→ RECORDED INFORMATION:
****************

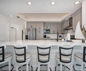 Inside, the spacious open-concept design is perfect for gathering. The dining table seats eight beneath a gorgeous chandelier, with five additional barstools at the breakfast bar. The kitchen is fully stocked with stainless steel appliances, a regular coffee pot and Keurig, and everything you need for cooking and entertaining. Adjacent to the kitchen, you’ll find a stylish bar area with a wine fridge, beverage fridge, ice maker, and plenty of glassware for your favorite drinks.
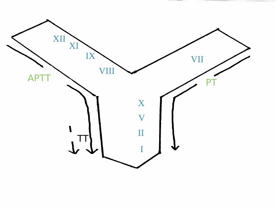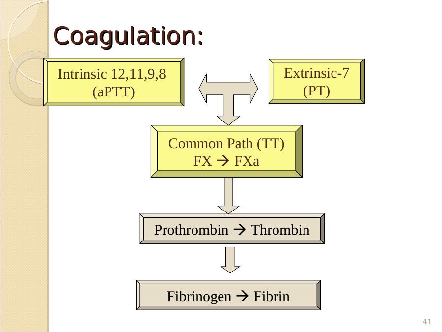 Coagulation: 41 Intrinsic 12,11,9,8 (aPTT) Extrinsic-7 (PT) Prothrombin Thrombin Fibrinogen Fibrin Common Path (TT) FX FXa
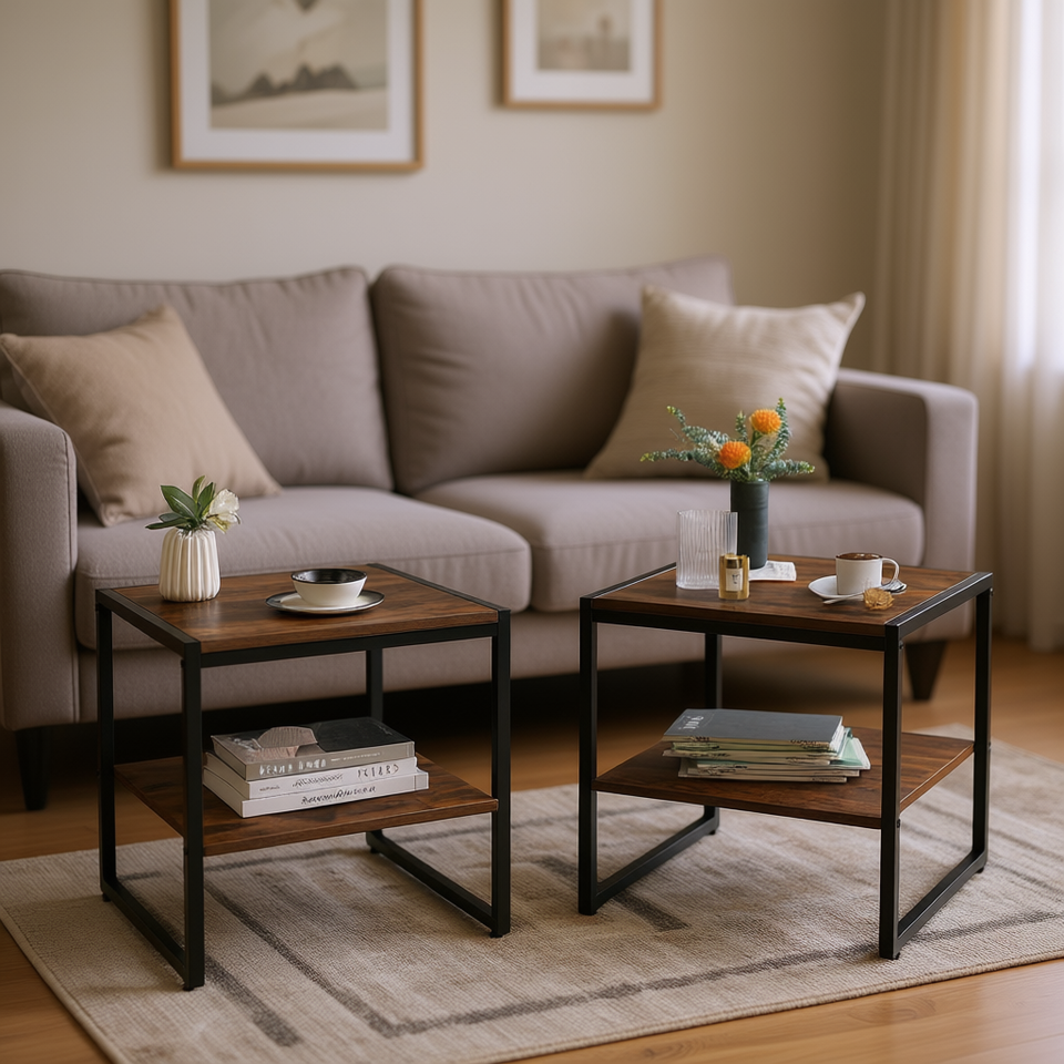 Table d'appoint carrée de 20 pouces, 2 niveaux, meubles de salon, design rustique brun industriel moderne

****************

Please reproduce nothing but the lines from the one containing "Coagulation: 41 Intrinsic" through the closing line of the listing, retyped word for word, pictures excluded.

→ REPLY TO THE TASK:
 Coagulation: 41 Intrinsic 12,11,9,8 (aPTT) Extrinsic-7 (PT) Prothrombin Thrombin Fibrinogen Fibrin Common Path (TT) FX FXa
 Table d'appoint carrée de 20 pouces, 2 niveaux, meubles de salon, design rustique brun industriel moderne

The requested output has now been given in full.